When the score is discretized by specifying the `bucketize_method` parameter, the procedure also returns a lookup table named `<output_prefix>_lookup_table` with the following columns:

• `lower_bound`: `FLOAT64` the lower bound of the bin.

• `upper_bound`: `FLOAT64` the upper bound of the bin.

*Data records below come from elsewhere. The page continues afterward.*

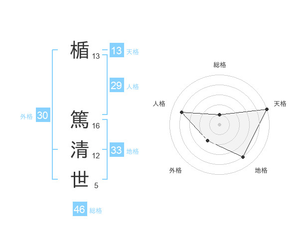 楯 篤清世さんの天格は13画の5点!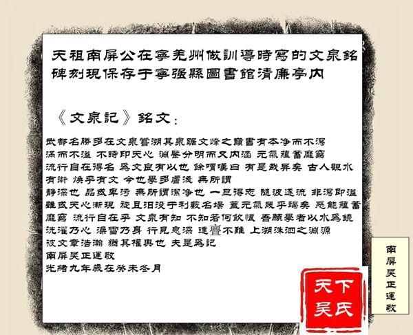 天祖南屏公在宁羌州做训导时写的文泉铭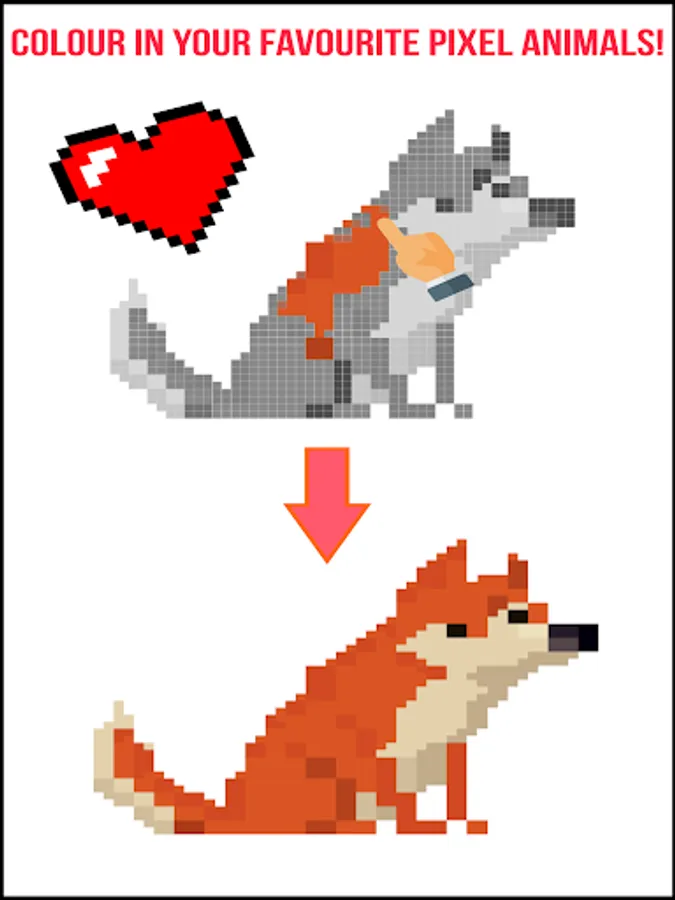 Use your fingers to draw/color hundreds of pixel pictures in this relaxing, stress-free game. Unwind, relax and discover a new world full of fun images to color. Use a big palette of vibrant colors to create a beautiful picture using just your fingers. Draw/color it in 1 stroke of your finger and the possibilities are endless.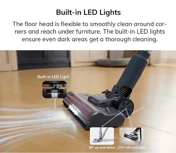 Cordless Handheld Vacuum Cleaner 21kPa Suction 1.2L Dust Cup LED Illuminate Home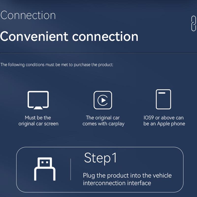 - Bred kompatibilitet: Denne adapter er kompatibel med fabriksinstallerede CarPlay-systemer og understøtter både iOS 9 og nyere smartphones, hvilket sikrer bred kompatibilitet.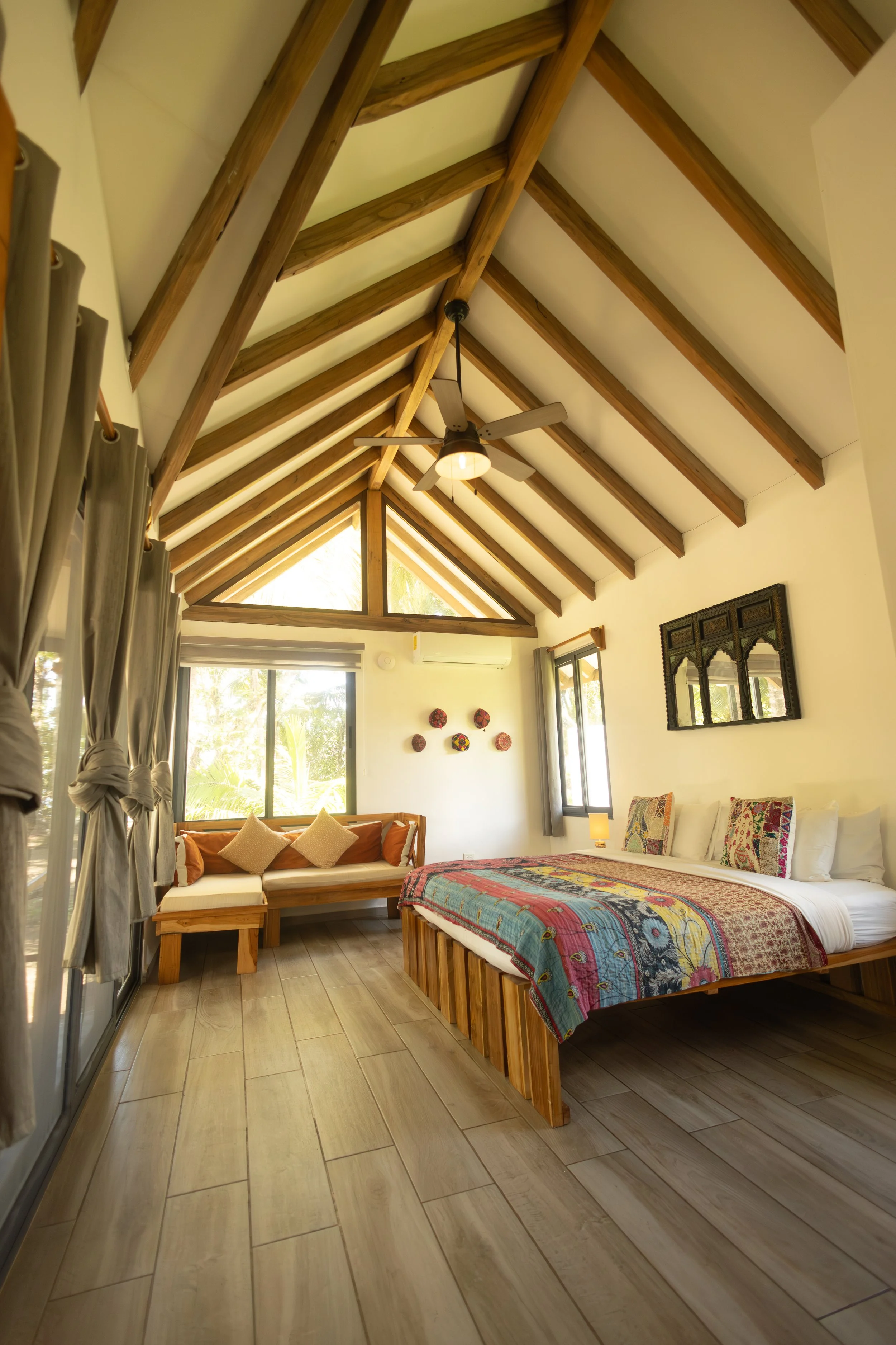 Features and Amenities: Jungle Views - Interior 409 sq ft | Covered Exterior 312 sq ft. | Built-in ‘catamaran style’ hammock | King bed | Air conditioning | Complete bath products | Hairdryer | Minifridge | Kettle and French Press | Complimentary coffee & tea & milk | Beach towels | Complimentary Wi-Fi | Safety Deposit Box | Daily Housekeeping | Ceiling fans throughout | Private furnished patio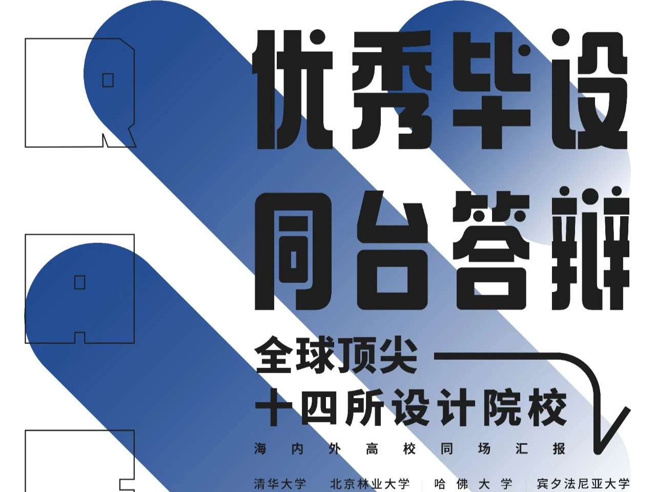 海内外优秀设计答辩交流会来自国内清华、同济、东南、天大、华工、北林、央美,携手海外哈佛GSD、宾大、CMU、RISD、UCL、UAL、RCA 14所世界顶级院校将汇聚一堂,覆盖建筑规划,风景园林,室内环艺,交互工设4大类专业为全国设计类专业的同学再次带来一场超高品质的答辩体验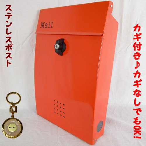 郵便ポスト 郵便受け メールボックス壁掛けオレンジ色 プレミアムステンレスポストpm134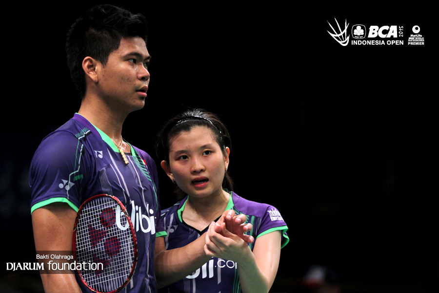 Joachim Fischer/Christinna Pedersen (Denmark) berbisik sebelum melakukan serve.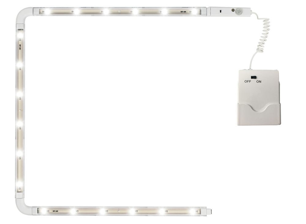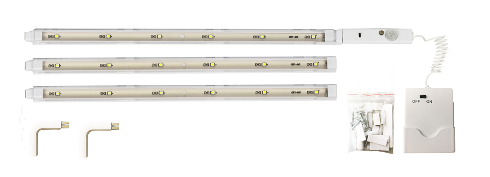 3 LED pásy, 2x rohový konektor, detektor pohybu s časovačom (doba svietenia 1 min alebo 30 s), batériový box, inštalačný materiál

• `spatial_score`: `INT64` the value of the (discretized) composite score.

Examples

With the `ENTROPY` method:

``````CALL `carto-un`.carto.CREATE_SPATIAL_COMPOSITE_UNSUPERVISED(
'SELECT * EXCEPT(geom, revenue_change, urbanity, urbanity_ordinal) FROM `cartobq.docs.spatial_scoring_input`',
'geoid',
'<project-id>.<dataset-id>.<table-name>',
'''{
"scoring_method":"ENTROPY",
"return_range":[0.0,1.0]
}
'''
)
-- Table `<my-project>.<my-dataset>.<table-name>` will be created``````

With the `CUSTOM_WEIGHTS` method:

``````CALL `carto-un`.carto.CREATE_SPATIAL_COMPOSITE_UNSUPERVISED(
'SELECT * EXCEPT(geom, revenue_change, urbanity) FROM `cartobq.docs.spatial_scoring_input`',
'geoid',
'<project-id>.<dataset-id>.<table-name>',
'''{
"scoring_method":"CUSTOM_WEIGHTS",
"weights":{"fempop_15_44":0.2,"education":0.1,"urbanity_ordinal":0.1,"pois":0.1},
"scaling":"RANKING",
"aggregation":"LINEAR",
"bucketize_method":"JENKS"
}
'''
)
-- Table `<my-project>.<my-dataset>.<table-name>` will be created``````

With the `FIRST_PC` method:

``````CALL `carto-un`.carto.CREATE_SPATIAL_COMPOSITE_UNSUPERVISED(
'SELECT * EXCEPT(geom, revenue_change, urbanity, urbanity_ordinal) FROM `cartobq.docs.spatial_scoring_input`',
'geoid',
'<project-id>.<dataset-id>.<table-name>',
'''{
"scoring_method":"FIRST_PC",
"correlation_var":"fempop_15_44",
"correlation_thr":0.6,
"bucketize_method":"QUANTILES"
}
'''
)
-- Table `<my-project>.<my-dataset>.<table-name>` will be created``````

## CRONBACH_ALPHA_COEFFICIENT

``CRONBACH_ALPHA_COEFFICIENT(input_query, output_prefix)``

Description

This procedure computes the Cronbach’s alpha coefficient for a set of (spatial) variables. This coefficient can be used as a measure of internal consistency or reliability of the data, based on the strength of correlations between individual variables. Cronbach’s alpha reliability coefficient normally ranges between 0 and 1 but there is actually no lower limit to the coefficient. Higher alpha (closer to 1) vs lower alpha (closer to 0) means higher vs lower consistency, with usually 0.65 being the minimum acceptable value of internal consistency. Rows with a NULL value in any of the individual variables are dropped.